Previous studies corroborate that lymph node metastases constitute a strong prognostic factor in BCa [29, 30]. Mechanistic investigations highlight that lymphovascular invasion may be an important predictor for lymph node metastasis in multiple cancer types [31–33]. The present study reveals a significant increase in LINC00336 expression level in BCa patients with vascular invasion. However, there is no obvious association between LINC00336 expression level and lymph node metastasis, which may be attributed to the small sample size in our study.
To determine possible mechanisms of LINC00336 loss-of-function induced BCa cell growth inhibition, we hypothesized that knockdown of LINC00336 might affect cell cycle and apoptosis of BCa cells. We silenced the expression of LINC00336 by transfection with specific shRNA into three BCa cell lines, i.e. T24, 5637 and SW780 cells, and the inhibition rate of LINC00336 expression level reached up to 50% in in vitro experiments. Subsequently, we observed that S-phase cell cycle arrest and an increase in apoptotic cell proportion occurred in T24, 5637 and SW780 cells after transfection with sh-LINC00336. Our results demonstrated that inhibition of cell growth rate might be associated with S-phase cell cycle arrest and elevation of apoptotic cell proportion in BCa cells after transfection with sh-LINC00336.

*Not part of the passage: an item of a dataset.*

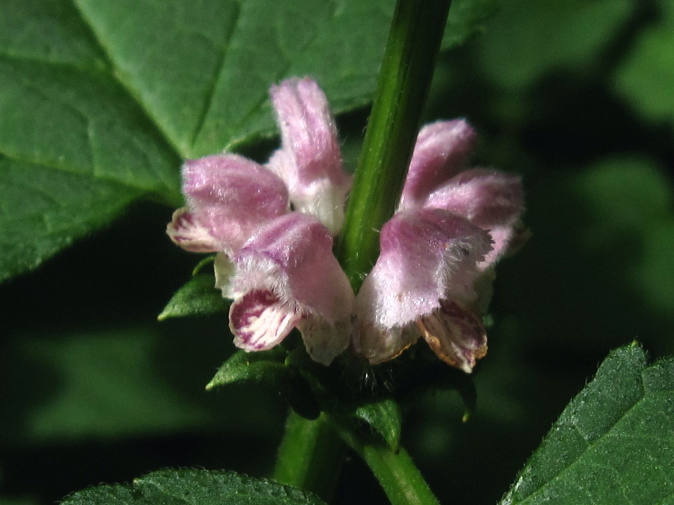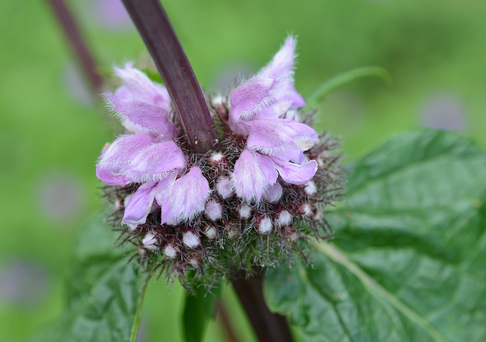 꽃부리는 순형이고 상순은 모자형으로서 겉에 우단같은 털이

We need to make clear the limitations in our study. First, the roles of LINC00336 in cell growth have not been investigated in human BCa xenografts in nude mice. In addition, functions of LINC00336 with gene-gene interactions are not involved in the present study.

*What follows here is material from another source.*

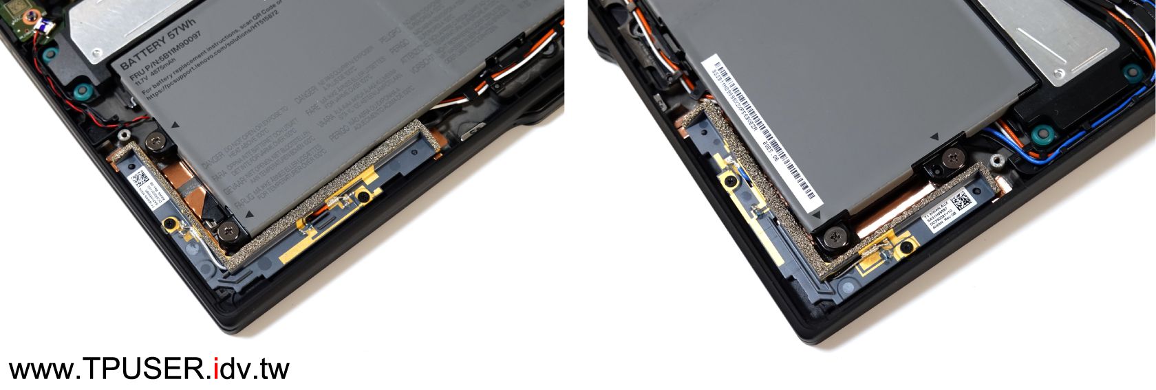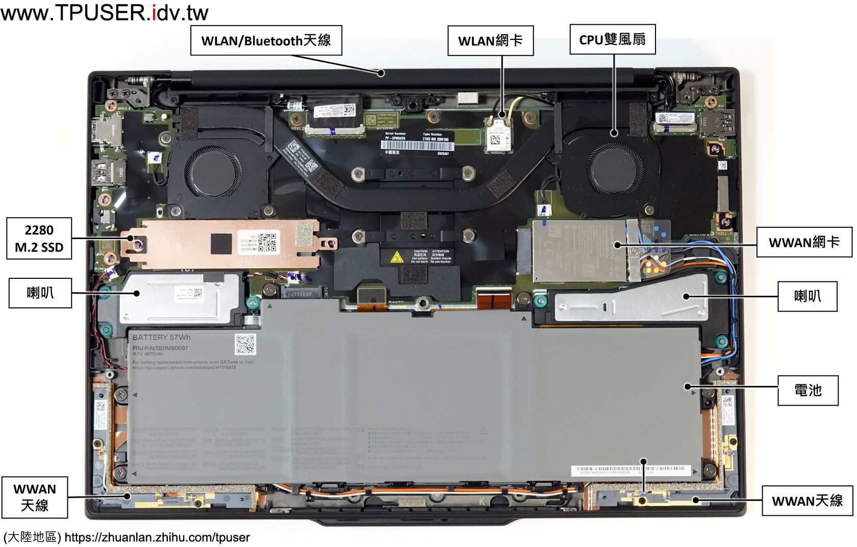 ▼下圖是X1 Carbon Gen13內部特寫,站長已經將主要零件標示出來。由於Gen13與前一代Gen12共用相同的機體設計,所以內部構造幾乎相同。倒是可以從電池顏色來輕鬆分辨兩款機種,因為X1 Carbon Gen13所使用的鋰電池已開放使用者自行更換,也就是所謂的「CRU(Customer Replaceable Unit)」零件,因此電池在面向底殼D cover這面會刻意塗成灰色,主要用意是一旦有外來物(例如螺絲)不慎掉落在上面時,兩者的顏色落差較容易讓使用者留意到。原廠已經開始販售X1 Carbon Gen13的零售版電池(ThinkPad 3-cell 57Wh Li-ion Replacement Battery),產品料號為「4X51U04335」。

In conclusion, LINC00336 as an independent risk factor for predicting the prognosis of BCa was observed in our study, and knockdown of LINC00336 had the ability to suppress cell proliferation and invasion and induce cell cycle arrest and apoptosis in BCa cells. LINC00336 displayed aberrant expression of BCa tissues and showed strong potential for development of a novel therapeutic target for the treatment of BCa.